=== Recorded information ===
──────────────────────────────
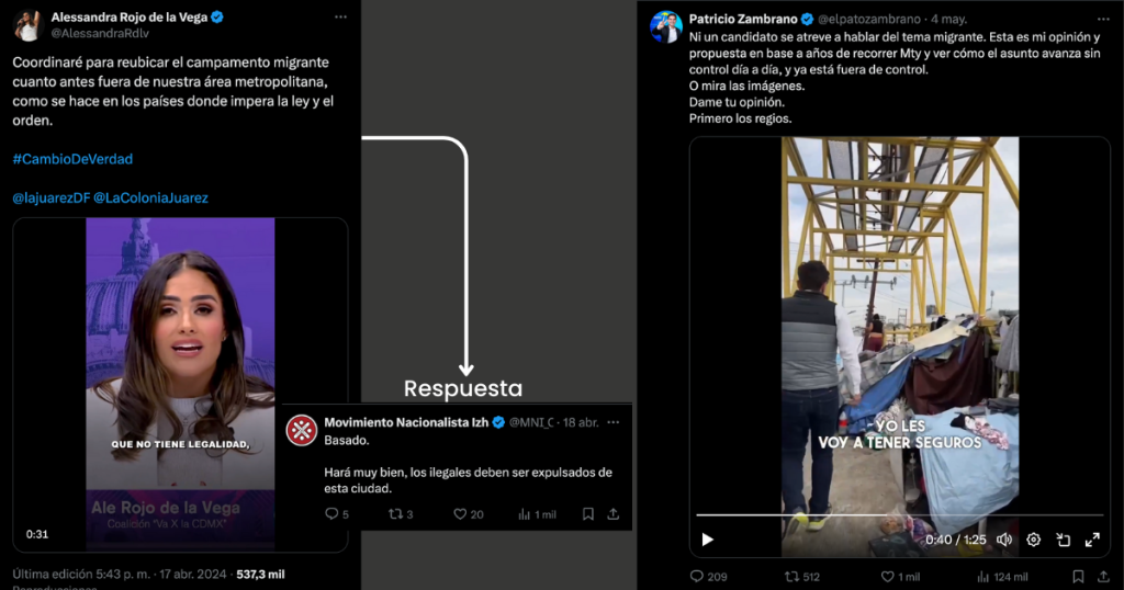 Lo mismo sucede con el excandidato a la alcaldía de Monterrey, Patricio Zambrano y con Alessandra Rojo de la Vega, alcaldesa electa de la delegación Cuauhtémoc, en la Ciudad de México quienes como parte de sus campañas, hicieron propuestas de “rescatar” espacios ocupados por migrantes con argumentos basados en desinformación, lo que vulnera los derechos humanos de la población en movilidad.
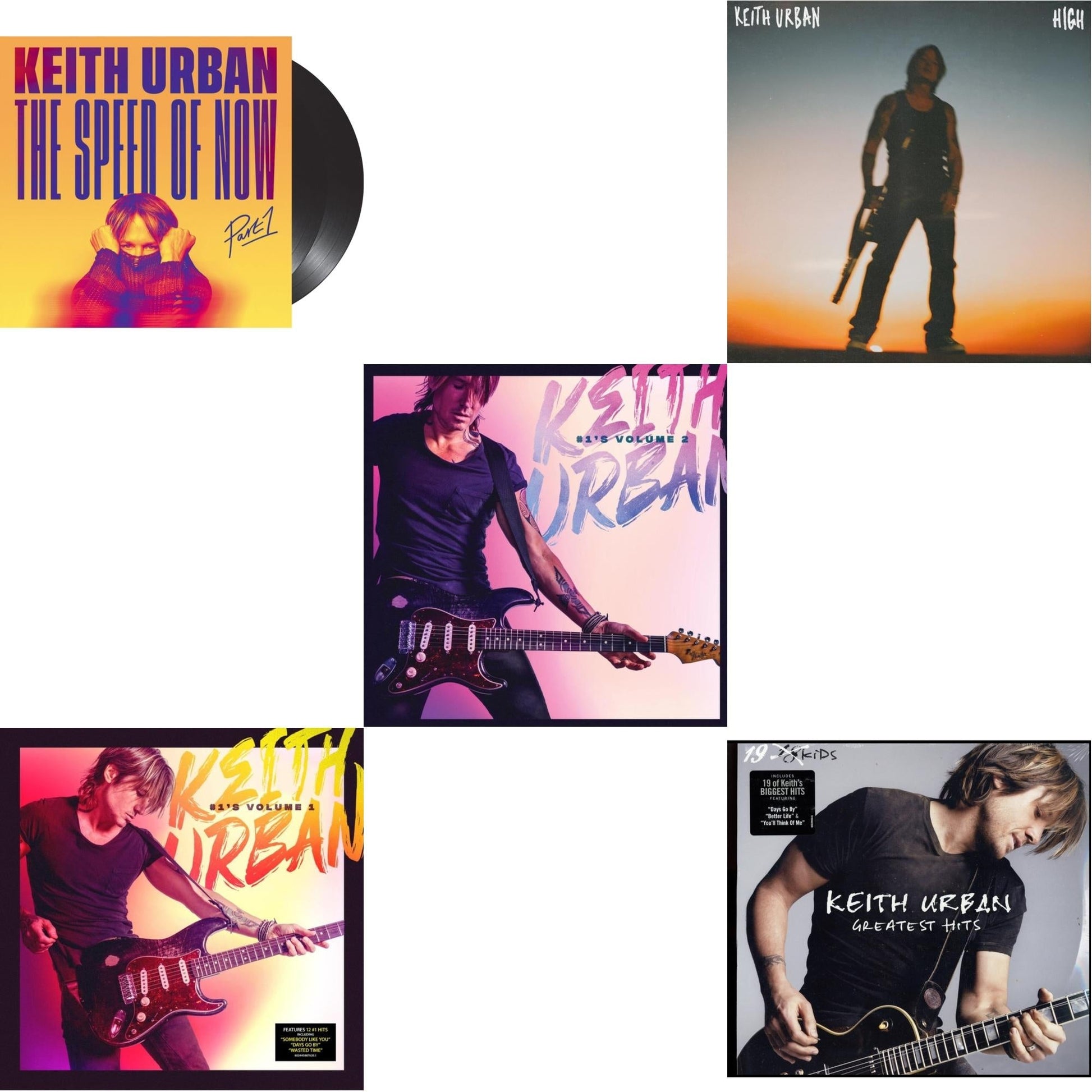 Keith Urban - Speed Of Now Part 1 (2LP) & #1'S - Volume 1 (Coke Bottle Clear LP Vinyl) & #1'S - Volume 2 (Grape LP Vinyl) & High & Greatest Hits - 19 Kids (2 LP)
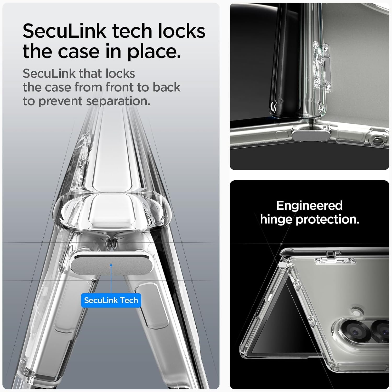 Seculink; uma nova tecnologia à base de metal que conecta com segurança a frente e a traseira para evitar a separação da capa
──────────────────────────────
=== Prompt ===
Every line of the listing must be reproduced exactly, though the pictures are to be left out.

=== Answer to this exercise ===
 Lo mismo sucede con el excandidato a la alcaldía de Monterrey, Patricio Zambrano y con Alessandra Rojo de la Vega, alcaldesa electa de la delegación Cuauhtémoc, en la Ciudad de México quienes como parte de sus campañas, hicieron propuestas de “rescatar” espacios ocupados por migrantes con argumentos basados en desinformación, lo que vulnera los derechos humanos de la población en movilidad.
 Keith Urban - Speed Of Now Part 1 (2LP) & #1'S - Volume 1 (Coke Bottle Clear LP Vinyl) & #1'S - Volume 2 (Grape LP Vinyl) & High & Greatest Hits - 19 Kids (2 LP)
 Seculink; uma nova tecnologia à base de metal que conecta com segurança a frente e a traseira para evitar a separação da capa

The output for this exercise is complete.